Two brothers, Nchi and Nchian, came from the east, pursued by enemies. When they reached the river, they thought they were trapped, but a poyon, a great fish, emerged from the water and offered to carry them across. The brothers quickly accepted the fish’s offer. This is how the Kulibalis got their name: they crossed the river without a canoe (kulun bali). But when they reached the other side, one of the brothers then turned back and killed the fish that had helped them. Some say he did so because his wife complained that their children would have nothing to eat. The two brothers then separated: one remained on the near shore of the river, in the area that would become Segou, while the other moved on into the area that would be the Kaarta.
THE DIARRAS
The kingdom of Segou was founded by Biton Kulibali, as told in the next story, but after his death his sons failed to hold power, and after a period of anarchy a second dynasty, that of the Diarras (or Jaras), came to power. This is their story of origin, retold from the account of a Bamana performer recorded around 1980.
A man in the Manden named Madiba Kone had many wives, of whom one was the most unfortunate example of the ‘despised wife’ that might be imagined. Nevertheless, she became pregnant. Her husband was reluctant to admit the paternity of her offspring, because of her low status in the household and the hostility of the other wives. When she had almost come to term, he threw her out of the household, ordering her to disappear.
Weeping and staggering, she made her way into the bush until labour was upon her and she could not go any further.
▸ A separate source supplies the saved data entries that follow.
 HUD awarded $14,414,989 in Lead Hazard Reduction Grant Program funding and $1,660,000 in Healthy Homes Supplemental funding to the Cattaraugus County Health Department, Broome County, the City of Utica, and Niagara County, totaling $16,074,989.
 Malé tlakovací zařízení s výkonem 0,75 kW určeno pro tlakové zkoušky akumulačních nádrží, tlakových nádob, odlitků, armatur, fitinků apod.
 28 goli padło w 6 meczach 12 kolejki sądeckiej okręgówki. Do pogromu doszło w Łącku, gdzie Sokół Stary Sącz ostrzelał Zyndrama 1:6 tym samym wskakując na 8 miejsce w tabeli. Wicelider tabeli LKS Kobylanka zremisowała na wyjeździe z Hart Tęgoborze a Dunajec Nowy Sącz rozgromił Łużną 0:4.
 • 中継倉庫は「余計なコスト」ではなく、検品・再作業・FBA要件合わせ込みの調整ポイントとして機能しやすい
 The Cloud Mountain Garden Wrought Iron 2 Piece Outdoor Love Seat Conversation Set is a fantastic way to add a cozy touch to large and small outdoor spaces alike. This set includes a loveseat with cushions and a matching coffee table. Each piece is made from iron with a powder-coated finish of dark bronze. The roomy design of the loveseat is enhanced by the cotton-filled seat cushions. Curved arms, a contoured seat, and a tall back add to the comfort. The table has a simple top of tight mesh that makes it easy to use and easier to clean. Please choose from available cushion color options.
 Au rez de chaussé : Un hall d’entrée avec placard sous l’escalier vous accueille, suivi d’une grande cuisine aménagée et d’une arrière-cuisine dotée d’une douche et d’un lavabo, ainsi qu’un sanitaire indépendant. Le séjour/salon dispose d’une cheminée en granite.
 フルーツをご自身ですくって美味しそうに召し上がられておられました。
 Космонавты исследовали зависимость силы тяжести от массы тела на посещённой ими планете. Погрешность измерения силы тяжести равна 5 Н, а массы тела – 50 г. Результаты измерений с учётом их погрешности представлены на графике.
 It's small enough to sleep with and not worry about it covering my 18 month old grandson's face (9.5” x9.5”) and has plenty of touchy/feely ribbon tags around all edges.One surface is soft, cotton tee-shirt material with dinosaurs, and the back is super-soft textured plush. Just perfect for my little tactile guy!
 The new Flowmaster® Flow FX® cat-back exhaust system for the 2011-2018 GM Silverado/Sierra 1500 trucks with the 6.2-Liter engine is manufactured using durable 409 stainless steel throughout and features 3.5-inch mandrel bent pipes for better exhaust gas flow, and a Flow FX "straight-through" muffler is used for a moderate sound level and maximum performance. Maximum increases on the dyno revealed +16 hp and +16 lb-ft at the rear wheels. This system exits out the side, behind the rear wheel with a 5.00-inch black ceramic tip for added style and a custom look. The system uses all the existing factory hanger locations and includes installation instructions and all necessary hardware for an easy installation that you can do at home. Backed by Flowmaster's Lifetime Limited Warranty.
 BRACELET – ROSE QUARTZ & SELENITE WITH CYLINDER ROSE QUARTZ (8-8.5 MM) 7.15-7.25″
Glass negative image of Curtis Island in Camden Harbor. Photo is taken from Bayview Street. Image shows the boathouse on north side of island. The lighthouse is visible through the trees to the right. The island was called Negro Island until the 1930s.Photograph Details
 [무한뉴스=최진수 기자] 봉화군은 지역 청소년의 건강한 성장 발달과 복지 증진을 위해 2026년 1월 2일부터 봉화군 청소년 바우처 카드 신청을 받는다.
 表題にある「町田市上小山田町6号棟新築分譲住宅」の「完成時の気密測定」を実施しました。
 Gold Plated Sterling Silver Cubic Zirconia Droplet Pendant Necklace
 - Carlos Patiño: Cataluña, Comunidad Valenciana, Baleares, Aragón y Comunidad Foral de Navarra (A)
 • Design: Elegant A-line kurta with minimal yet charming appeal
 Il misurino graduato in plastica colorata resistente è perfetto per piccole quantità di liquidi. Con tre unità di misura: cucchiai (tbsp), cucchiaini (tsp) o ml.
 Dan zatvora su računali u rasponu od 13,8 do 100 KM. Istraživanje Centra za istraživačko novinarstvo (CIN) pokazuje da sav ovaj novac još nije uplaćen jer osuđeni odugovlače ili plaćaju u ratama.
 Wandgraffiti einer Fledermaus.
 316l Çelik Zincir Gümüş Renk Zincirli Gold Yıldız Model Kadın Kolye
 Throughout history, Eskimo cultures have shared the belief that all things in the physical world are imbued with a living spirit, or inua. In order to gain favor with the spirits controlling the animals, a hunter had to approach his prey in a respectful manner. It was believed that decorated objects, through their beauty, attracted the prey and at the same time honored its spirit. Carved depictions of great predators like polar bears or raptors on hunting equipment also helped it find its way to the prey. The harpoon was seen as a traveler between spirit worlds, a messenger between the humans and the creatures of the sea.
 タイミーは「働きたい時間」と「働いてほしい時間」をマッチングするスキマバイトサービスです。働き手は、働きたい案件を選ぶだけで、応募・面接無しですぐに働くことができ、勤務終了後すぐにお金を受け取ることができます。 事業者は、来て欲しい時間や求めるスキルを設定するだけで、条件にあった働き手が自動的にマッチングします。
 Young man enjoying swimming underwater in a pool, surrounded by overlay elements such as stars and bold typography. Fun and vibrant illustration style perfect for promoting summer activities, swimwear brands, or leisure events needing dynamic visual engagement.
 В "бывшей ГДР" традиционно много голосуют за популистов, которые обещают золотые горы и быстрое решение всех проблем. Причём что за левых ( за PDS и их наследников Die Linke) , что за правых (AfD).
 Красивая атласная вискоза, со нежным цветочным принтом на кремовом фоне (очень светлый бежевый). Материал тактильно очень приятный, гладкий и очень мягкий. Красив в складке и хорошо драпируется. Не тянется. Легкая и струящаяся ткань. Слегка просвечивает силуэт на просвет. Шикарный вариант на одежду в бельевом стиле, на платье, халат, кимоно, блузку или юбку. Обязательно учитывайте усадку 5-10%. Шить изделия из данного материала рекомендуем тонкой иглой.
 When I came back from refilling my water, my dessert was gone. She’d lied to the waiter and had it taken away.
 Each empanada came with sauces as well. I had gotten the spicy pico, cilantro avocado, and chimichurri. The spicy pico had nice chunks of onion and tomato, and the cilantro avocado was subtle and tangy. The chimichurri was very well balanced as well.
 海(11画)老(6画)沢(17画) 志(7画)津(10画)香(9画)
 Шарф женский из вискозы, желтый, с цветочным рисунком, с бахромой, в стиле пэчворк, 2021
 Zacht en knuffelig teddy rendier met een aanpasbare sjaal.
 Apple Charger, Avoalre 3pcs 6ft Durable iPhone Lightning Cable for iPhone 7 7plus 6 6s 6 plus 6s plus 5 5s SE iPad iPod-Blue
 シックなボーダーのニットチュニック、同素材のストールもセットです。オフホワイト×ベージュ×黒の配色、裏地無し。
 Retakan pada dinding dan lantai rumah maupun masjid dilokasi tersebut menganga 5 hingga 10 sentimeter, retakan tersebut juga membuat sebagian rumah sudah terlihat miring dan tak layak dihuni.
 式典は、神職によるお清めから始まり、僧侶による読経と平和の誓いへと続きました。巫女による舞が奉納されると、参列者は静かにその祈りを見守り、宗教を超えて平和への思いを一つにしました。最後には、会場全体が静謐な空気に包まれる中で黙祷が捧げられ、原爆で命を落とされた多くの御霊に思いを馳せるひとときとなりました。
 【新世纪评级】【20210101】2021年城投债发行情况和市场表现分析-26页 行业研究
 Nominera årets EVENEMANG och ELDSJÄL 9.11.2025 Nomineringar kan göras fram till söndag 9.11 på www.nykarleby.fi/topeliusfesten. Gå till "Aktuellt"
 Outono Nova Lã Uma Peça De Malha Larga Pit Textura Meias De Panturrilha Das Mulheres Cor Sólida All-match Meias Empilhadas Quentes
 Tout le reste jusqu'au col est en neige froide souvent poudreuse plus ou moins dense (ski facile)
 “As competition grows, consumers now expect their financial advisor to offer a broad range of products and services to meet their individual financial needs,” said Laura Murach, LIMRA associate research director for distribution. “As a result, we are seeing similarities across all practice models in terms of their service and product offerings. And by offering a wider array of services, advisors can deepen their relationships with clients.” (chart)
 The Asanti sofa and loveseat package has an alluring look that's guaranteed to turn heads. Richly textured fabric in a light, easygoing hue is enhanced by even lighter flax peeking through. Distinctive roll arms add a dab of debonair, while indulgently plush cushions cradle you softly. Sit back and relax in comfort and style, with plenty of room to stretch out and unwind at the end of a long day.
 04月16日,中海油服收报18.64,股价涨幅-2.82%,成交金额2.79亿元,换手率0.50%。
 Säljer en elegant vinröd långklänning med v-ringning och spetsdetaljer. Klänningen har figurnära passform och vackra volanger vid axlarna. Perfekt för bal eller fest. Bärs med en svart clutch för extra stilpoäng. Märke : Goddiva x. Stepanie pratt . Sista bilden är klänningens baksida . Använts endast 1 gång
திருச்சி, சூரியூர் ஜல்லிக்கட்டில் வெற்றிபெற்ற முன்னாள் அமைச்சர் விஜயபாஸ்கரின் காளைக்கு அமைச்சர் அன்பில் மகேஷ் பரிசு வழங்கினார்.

But the birth was easy, and she brought forth two fine male twins. She did not know it, but she had come to a lair of spirits, and they assisted her. When she had finished giving birth and looked about her, she saw she was lying close to a lioness who had just given birth to three lion cubs, and at the sight she almost fainted with fear. She was sure that she had breathed her last, and that she and her new children would be food for the lioness and her cubs. But the spirits then spoke, calming her, and they told her to leave her sons with them and to return to the world of humans. They would care for the boys, who would eventually be returned to her.